That is why we exclude the multiples of $r(p)$ in the definition of $I_m$. This, however, has hidden ramifications since integers we excluded because of $q$ might alter the sum modulo powers of $p$ in an unpredictable way and we have to keep track of the various interactions as we add more primes.
In this note we only impose the condition that $v_p(U_{r(p)})=1$ and see what happens.
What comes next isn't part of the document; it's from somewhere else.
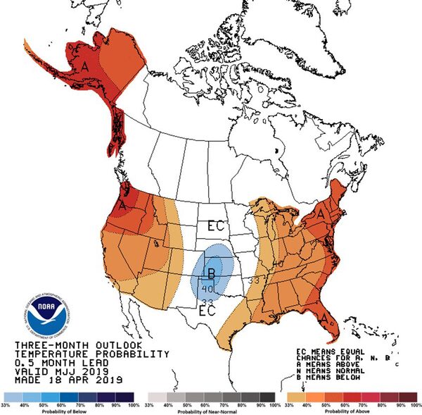 According to U.S. weather forecasters, weather is expected to change dramatically from cooler and wetter than average this spring to hotter and wetter than average from mid-May to the end of July this year. That means more natural gas will be needed to produce more than average power used for air conditioning. The stage is set for at least a short-term upside move in natural gas prices during their spring period of seasonal strength.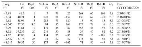 This dataset was expanded through the integration of various regional studies (e.g. Carreño et al., 2008; Chevrot et al., 2011; Domingues et al., 2013; Custodio et al., 2016), datasets associated with projects such as TopoIberia (Martín et al., 2015), and datasets related to earthquake clusters (Morales et al., 2015; Matos et al., 2018). Additionally, it incorporates results from specific seismic crisis events, most likely associated to induced seismicity (e.g. Villaseñor et al., 2020; Cesca et al., 2021). To further enhance the dataset, nine previously unpublished moment tensor focal mechanisms were determined for events that occurred between 2003 and 2019 (Table 1), and focal mechanisms for two historical events were also included in our dataset (Stich et al., 2005). The events are located at depths shallower than the Moho proposed by Diaz et al. (2016), except for some events located in oceanic crust, where the proposed crustal thickness is estimated at approximately 18 km and hypocentral depths are less than 30 km, within a domain in which the rheology of the upper mantle might be assumed to be similar to the crust. In cases where multiple solutions existed for the same event across different catalogues and appearances, the double-couple percentage (%DC) was used as a selection criterion, and the solution with the highest %DC was retained.

This is a reasonable condition: from considering prime powers we see that $I_m$ does not see the difference between $p$ and $p^{v_p(U_{r(p)})}$. Moreover, when $v_p(U_{r(p)})>1$ we can still use Lemma \ref{vo} to draw conclusions. With regards to our other assumptions, the exclusion of $3$ is mostly a matter of aesthetics: the same arguments would go through but we would have to subtract $1$ in various results when working modulo powers of $3$ thus complicating the statement of the results. The exclusion of $2$ is qualitatively different: not only the results would be more tedious to write but they would require different arguments to establish. Finally, we take $\gcd(p,Q)=1$ since otherwise $r(p)$ does not exist.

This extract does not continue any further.